Start of Dataset entries
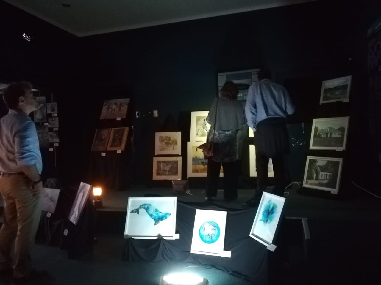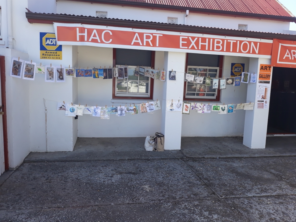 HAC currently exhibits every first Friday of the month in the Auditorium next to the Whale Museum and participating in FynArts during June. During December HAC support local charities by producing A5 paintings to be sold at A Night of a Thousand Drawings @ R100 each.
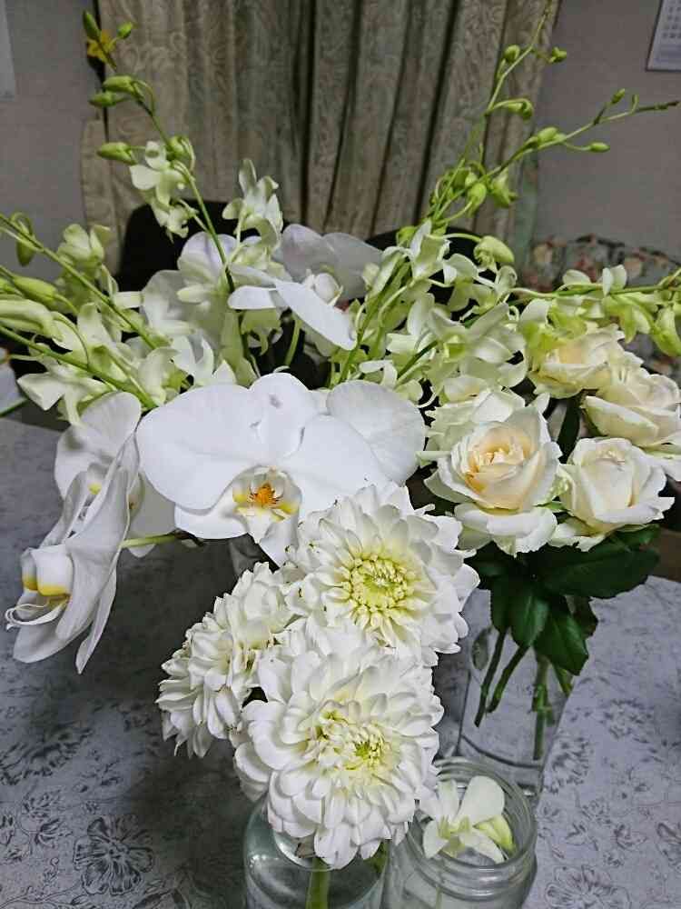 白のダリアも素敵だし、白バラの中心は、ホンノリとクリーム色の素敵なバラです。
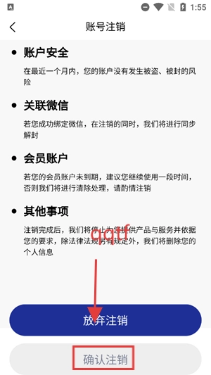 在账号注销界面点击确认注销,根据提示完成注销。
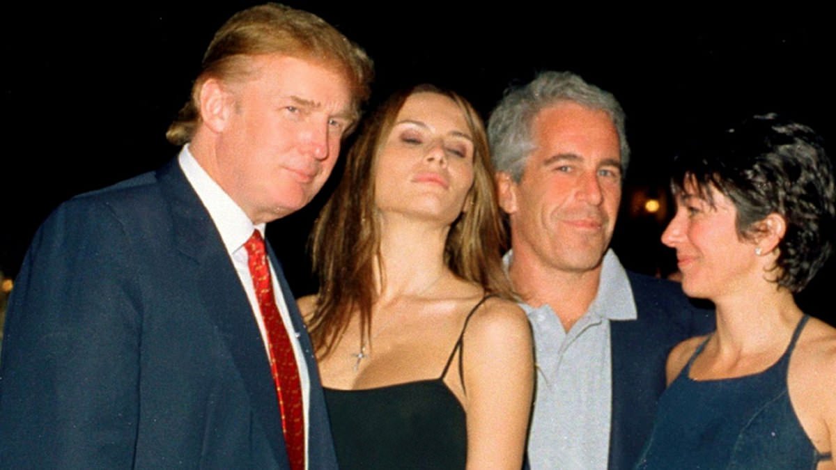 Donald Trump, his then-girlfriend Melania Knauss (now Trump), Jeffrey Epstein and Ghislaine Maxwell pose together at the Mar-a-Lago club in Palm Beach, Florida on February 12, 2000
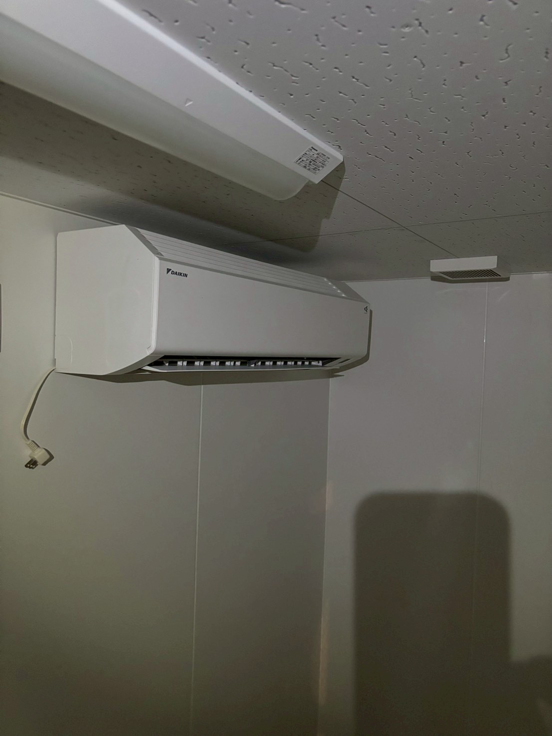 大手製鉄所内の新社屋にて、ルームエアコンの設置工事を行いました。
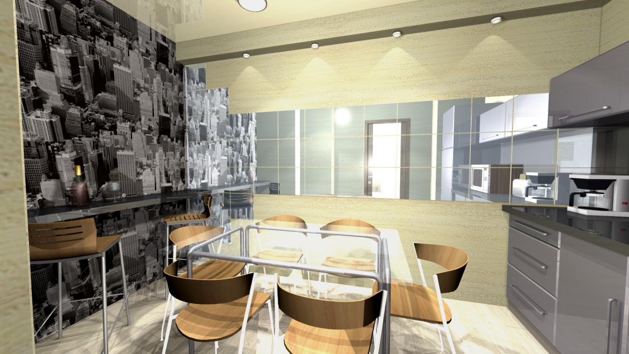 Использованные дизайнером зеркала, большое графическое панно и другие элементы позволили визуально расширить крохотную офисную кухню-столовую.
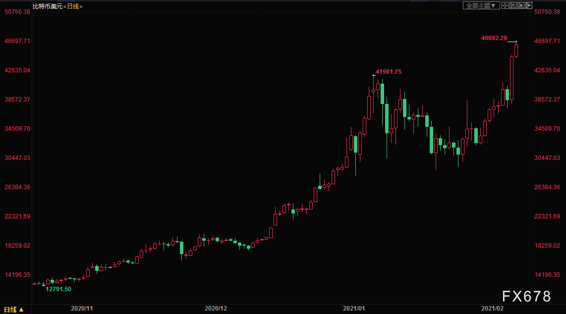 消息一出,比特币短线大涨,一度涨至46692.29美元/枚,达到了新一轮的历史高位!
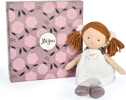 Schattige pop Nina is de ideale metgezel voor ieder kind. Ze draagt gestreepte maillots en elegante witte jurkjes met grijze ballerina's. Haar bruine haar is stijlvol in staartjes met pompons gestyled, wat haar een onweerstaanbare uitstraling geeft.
End of Dataset entries
Start of Dataset entries
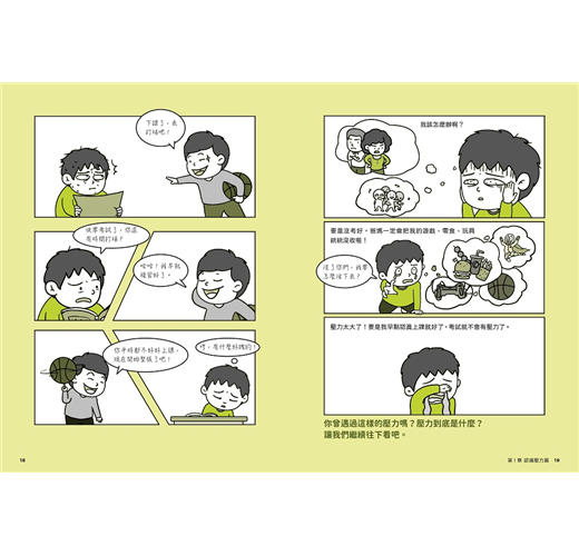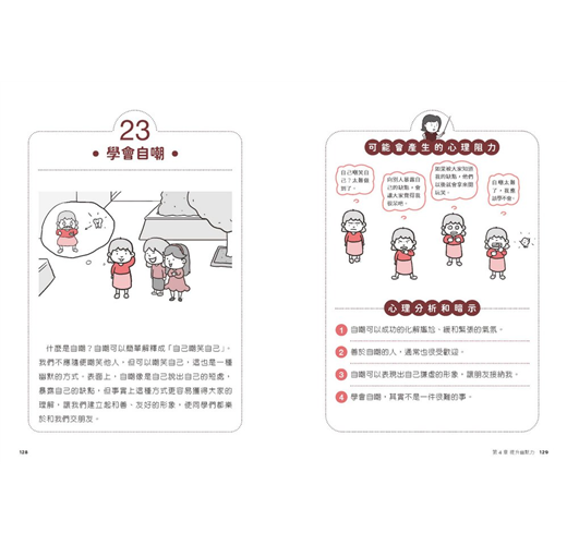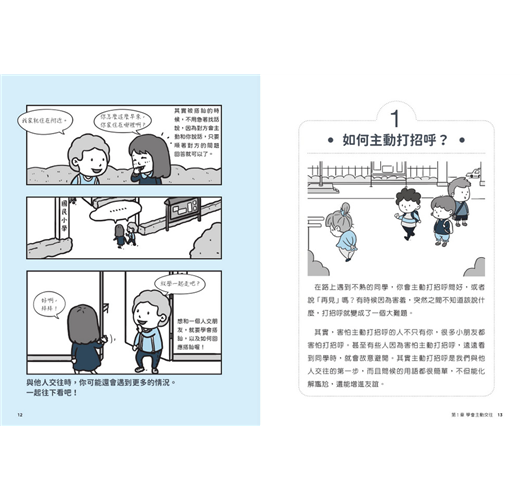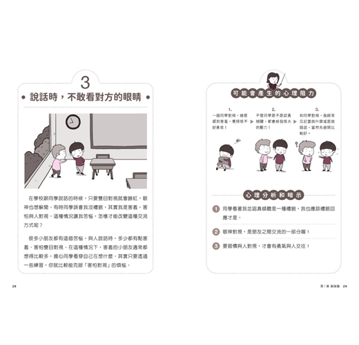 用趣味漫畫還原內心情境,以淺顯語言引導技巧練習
End of Dataset entries
Please set down, exactly and with no pictures, the lines in the entries above starting at the one holding "HAC currently exhibits" and ending at the one holding "大手製鉄所内の新社屋にて、ルームエアコンの設置工事を行いました。", ends included.

 HAC currently exhibits every first Friday of the month in the Auditorium next to the Whale Museum and participating in FynArts during June. During December HAC support local charities by producing A5 paintings to be sold at A Night of a Thousand Drawings @ R100 each.
 白のダリアも素敵だし、白バラの中心は、ホンノリとクリーム色の素敵なバラです。
 在账号注销界面点击确认注销,根据提示完成注销。
 Donald Trump, his then-girlfriend Melania Knauss (now Trump), Jeffrey Epstein and Ghislaine Maxwell pose together at the Mar-a-Lago club in Palm Beach, Florida on February 12, 2000
 大手製鉄所内の新社屋にて、ルームエアコンの設置工事を行いました。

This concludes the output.